> **ASSIGNMENT**
Please give again every entry exactly as it appears, setting aside the pictures.

[Source records]

····················

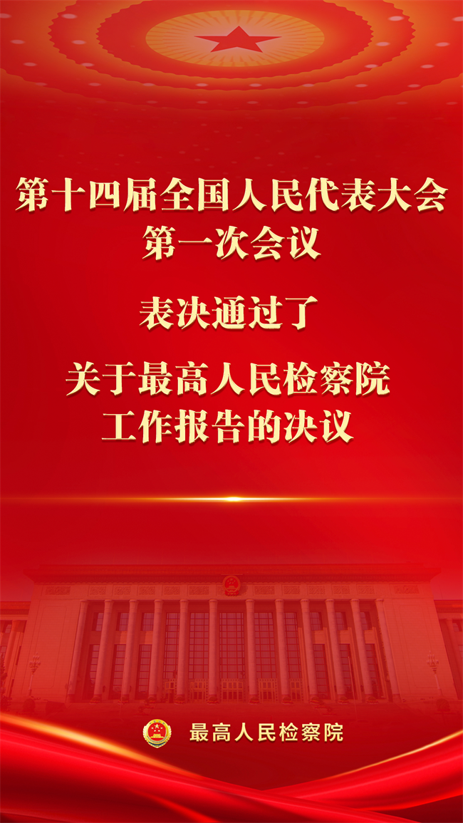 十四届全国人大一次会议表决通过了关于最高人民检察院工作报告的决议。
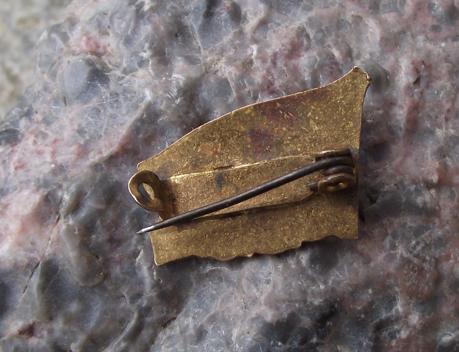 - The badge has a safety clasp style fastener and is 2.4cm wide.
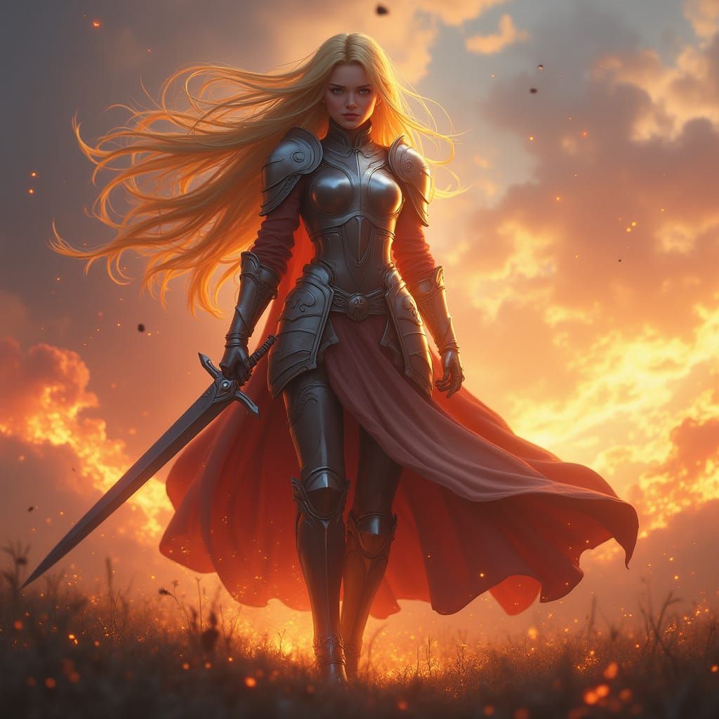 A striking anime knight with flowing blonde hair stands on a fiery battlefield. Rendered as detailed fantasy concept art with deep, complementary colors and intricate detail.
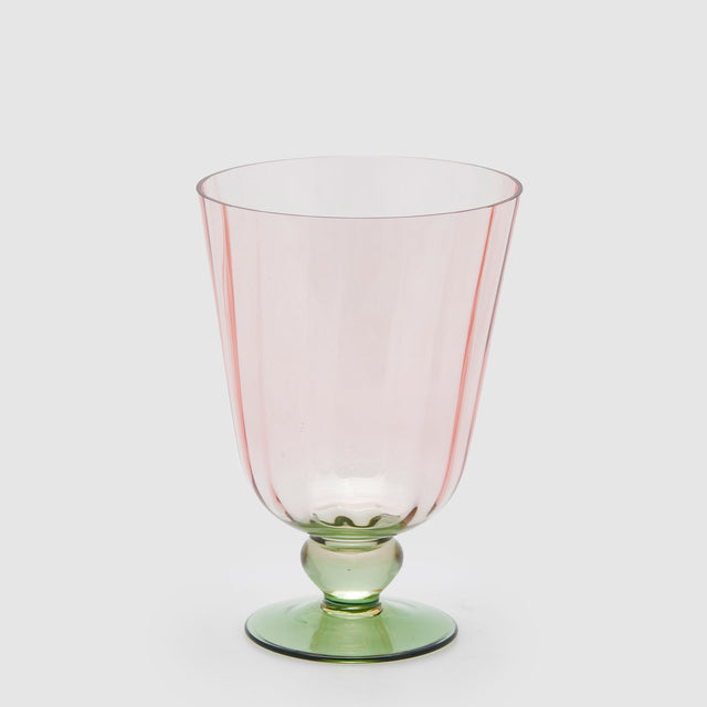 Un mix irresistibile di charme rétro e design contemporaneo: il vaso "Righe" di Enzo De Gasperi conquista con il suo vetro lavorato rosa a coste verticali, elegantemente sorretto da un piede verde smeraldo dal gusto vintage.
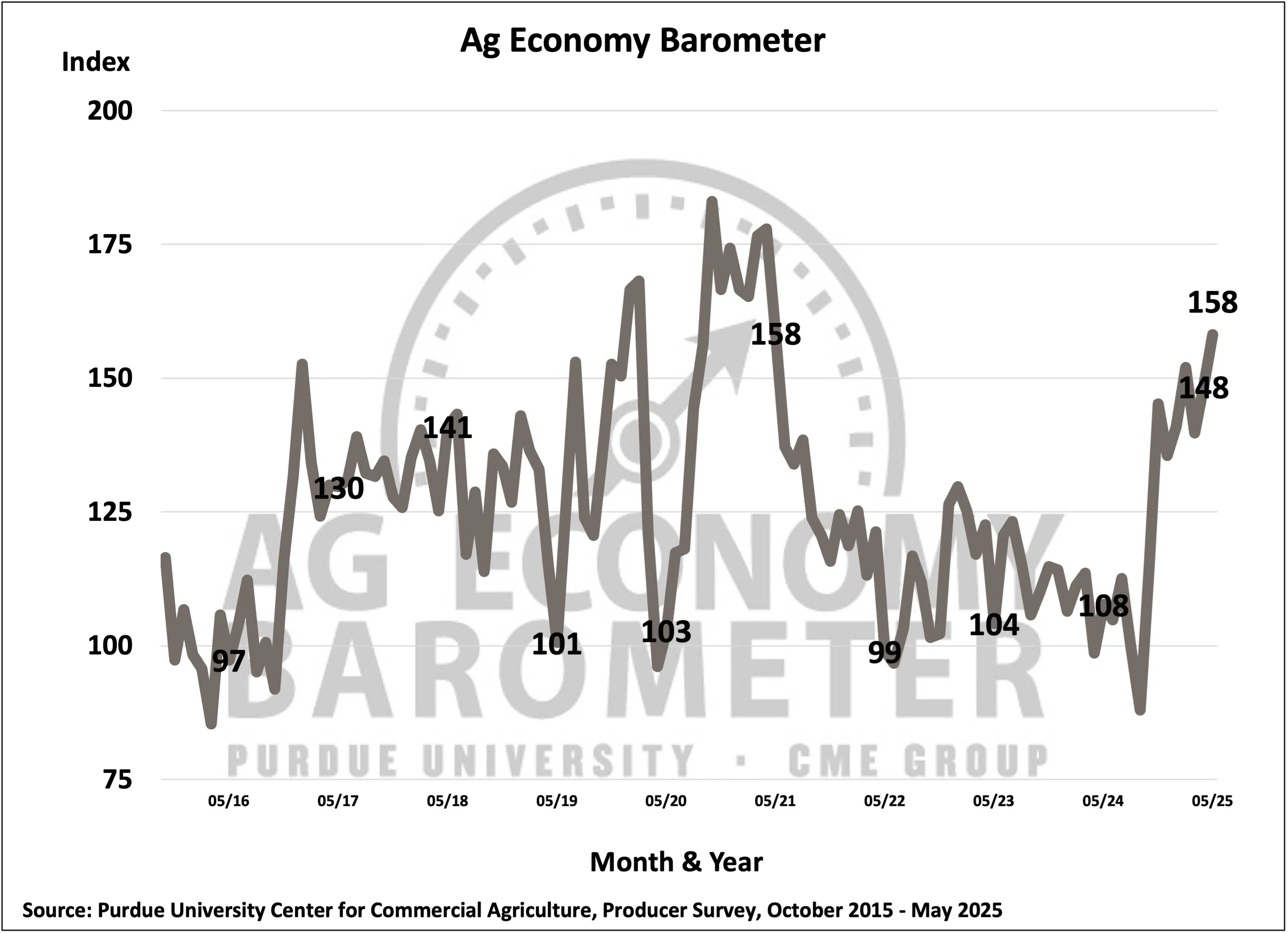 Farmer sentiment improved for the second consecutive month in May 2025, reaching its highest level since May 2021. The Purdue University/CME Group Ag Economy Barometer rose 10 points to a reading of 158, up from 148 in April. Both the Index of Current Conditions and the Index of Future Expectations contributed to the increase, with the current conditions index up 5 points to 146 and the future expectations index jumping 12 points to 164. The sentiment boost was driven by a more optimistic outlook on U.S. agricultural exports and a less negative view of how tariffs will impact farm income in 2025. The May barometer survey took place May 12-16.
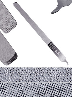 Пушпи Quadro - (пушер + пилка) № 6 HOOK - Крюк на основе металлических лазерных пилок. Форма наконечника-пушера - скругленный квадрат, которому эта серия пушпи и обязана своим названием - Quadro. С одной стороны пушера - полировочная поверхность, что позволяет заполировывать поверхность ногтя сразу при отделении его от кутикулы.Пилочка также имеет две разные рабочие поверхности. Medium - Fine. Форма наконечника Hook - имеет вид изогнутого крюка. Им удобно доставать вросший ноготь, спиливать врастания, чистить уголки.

····················

> **RESPONSE BELOW**
 十四届全国人大一次会议表决通过了关于最高人民检察院工作报告的决议。
 - The badge has a safety clasp style fastener and is 2.4cm wide.
 A striking anime knight with flowing blonde hair stands on a fiery battlefield. Rendered as detailed fantasy concept art with deep, complementary colors and intricate detail.
 Un mix irresistibile di charme rétro e design contemporaneo: il vaso "Righe" di Enzo De Gasperi conquista con il suo vetro lavorato rosa a coste verticali, elegantemente sorretto da un piede verde smeraldo dal gusto vintage.
 Farmer sentiment improved for the second consecutive month in May 2025, reaching its highest level since May 2021. The Purdue University/CME Group Ag Economy Barometer rose 10 points to a reading of 158, up from 148 in April. Both the Index of Current Conditions and the Index of Future Expectations contributed to the increase, with the current conditions index up 5 points to 146 and the future expectations index jumping 12 points to 164. The sentiment boost was driven by a more optimistic outlook on U.S. agricultural exports and a less negative view of how tariffs will impact farm income in 2025. The May barometer survey took place May 12-16.
 Пушпи Quadro - (пушер + пилка) № 6 HOOK - Крюк на основе металлических лазерных пилок. Форма наконечника-пушера - скругленный квадрат, которому эта серия пушпи и обязана своим названием - Quadro. С одной стороны пушера - полировочная поверхность, что позволяет заполировывать поверхность ногтя сразу при отделении его от кутикулы.Пилочка также имеет две разные рабочие поверхности. Medium - Fine. Форма наконечника Hook - имеет вид изогнутого крюка. Им удобно доставать вросший ноготь, спиливать врастания, чистить уголки.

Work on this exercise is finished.